(Data shown begins)

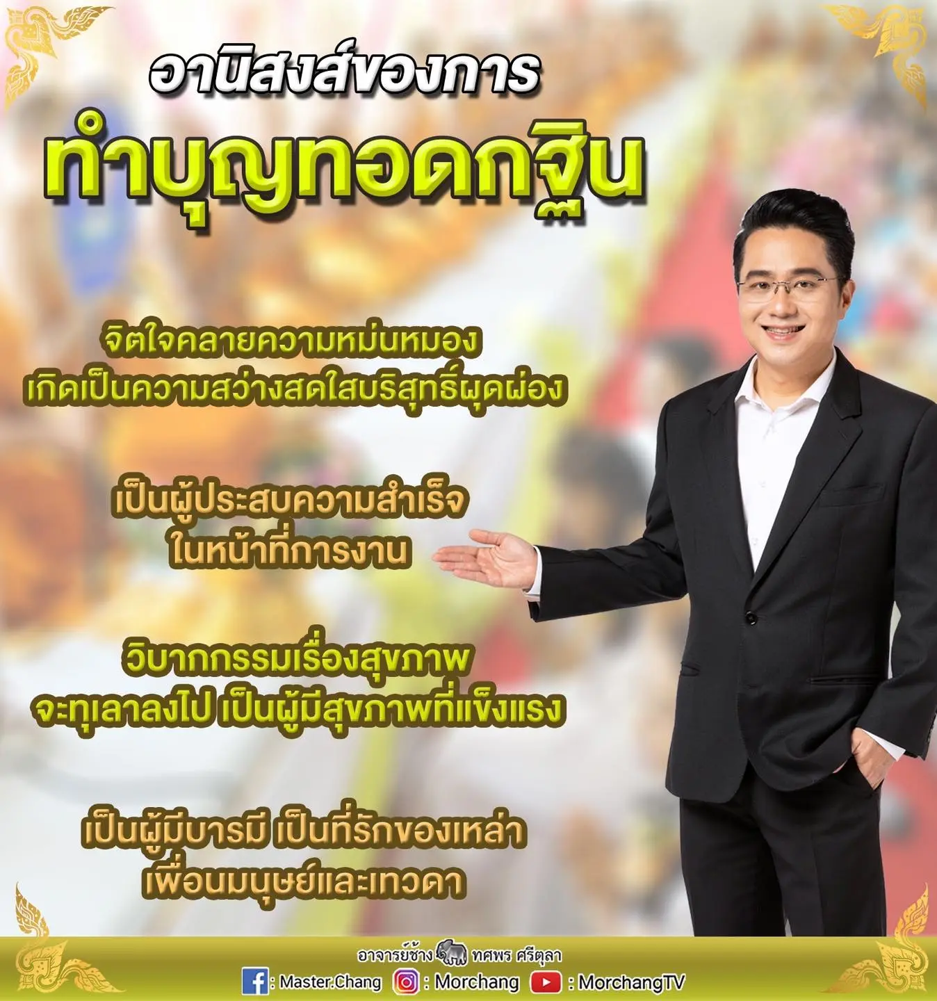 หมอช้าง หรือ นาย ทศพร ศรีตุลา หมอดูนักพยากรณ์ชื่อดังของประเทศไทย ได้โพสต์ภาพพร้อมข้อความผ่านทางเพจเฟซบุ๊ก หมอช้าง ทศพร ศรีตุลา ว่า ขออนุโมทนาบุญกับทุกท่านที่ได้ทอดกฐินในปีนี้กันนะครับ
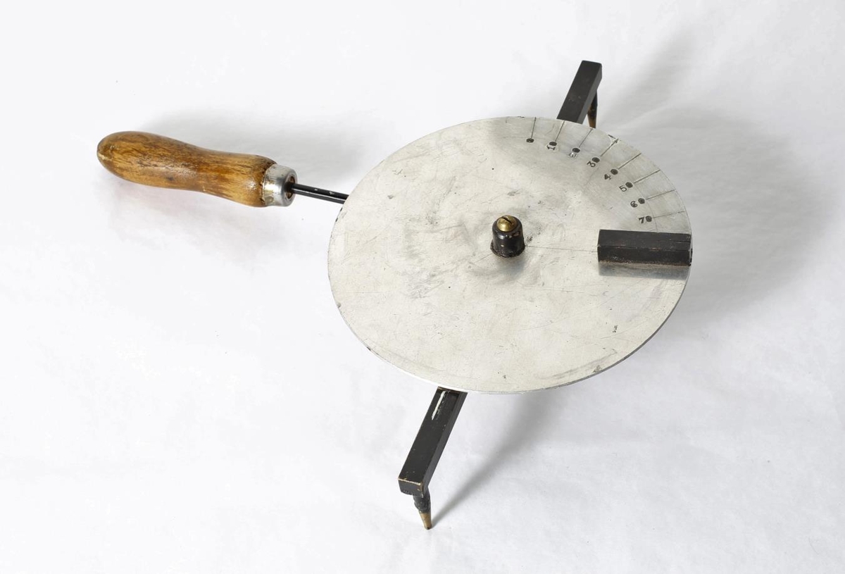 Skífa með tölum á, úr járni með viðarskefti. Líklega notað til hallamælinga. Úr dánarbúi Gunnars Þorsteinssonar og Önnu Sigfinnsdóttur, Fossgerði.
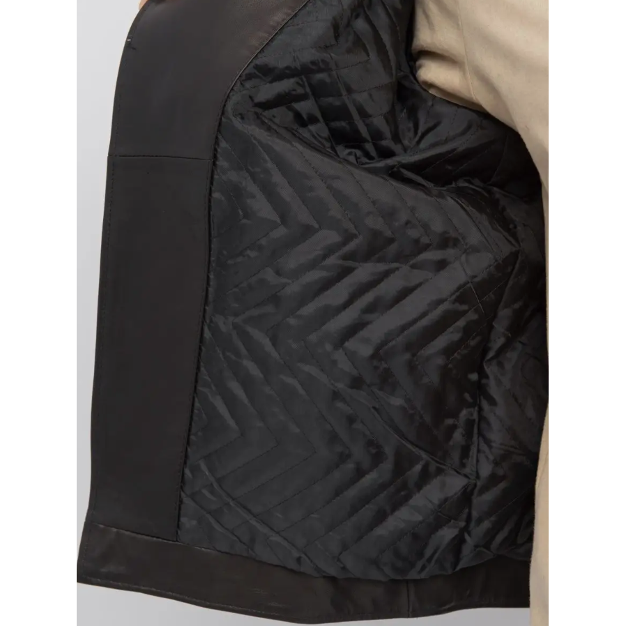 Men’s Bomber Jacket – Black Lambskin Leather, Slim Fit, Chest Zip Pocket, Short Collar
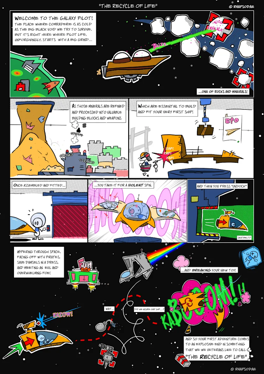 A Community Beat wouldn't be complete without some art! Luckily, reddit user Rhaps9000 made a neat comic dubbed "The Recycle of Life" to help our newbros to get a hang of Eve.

(Data shown ends)

Work required:
Output all of the data exactly as it stands, minus any images.

Answer space:
 หมอช้าง หรือ นาย ทศพร ศรีตุลา หมอดูนักพยากรณ์ชื่อดังของประเทศไทย ได้โพสต์ภาพพร้อมข้อความผ่านทางเพจเฟซบุ๊ก หมอช้าง ทศพร ศรีตุลา ว่า ขออนุโมทนาบุญกับทุกท่านที่ได้ทอดกฐินในปีนี้กันนะครับ
 Skífa með tölum á, úr járni með viðarskefti. Líklega notað til hallamælinga. Úr dánarbúi Gunnars Þorsteinssonar og Önnu Sigfinnsdóttur, Fossgerði.
 Men’s Bomber Jacket – Black Lambskin Leather, Slim Fit, Chest Zip Pocket, Short Collar
 A Community Beat wouldn't be complete without some art! Luckily, reddit user Rhaps9000 made a neat comic dubbed "The Recycle of Life" to help our newbros to get a hang of Eve.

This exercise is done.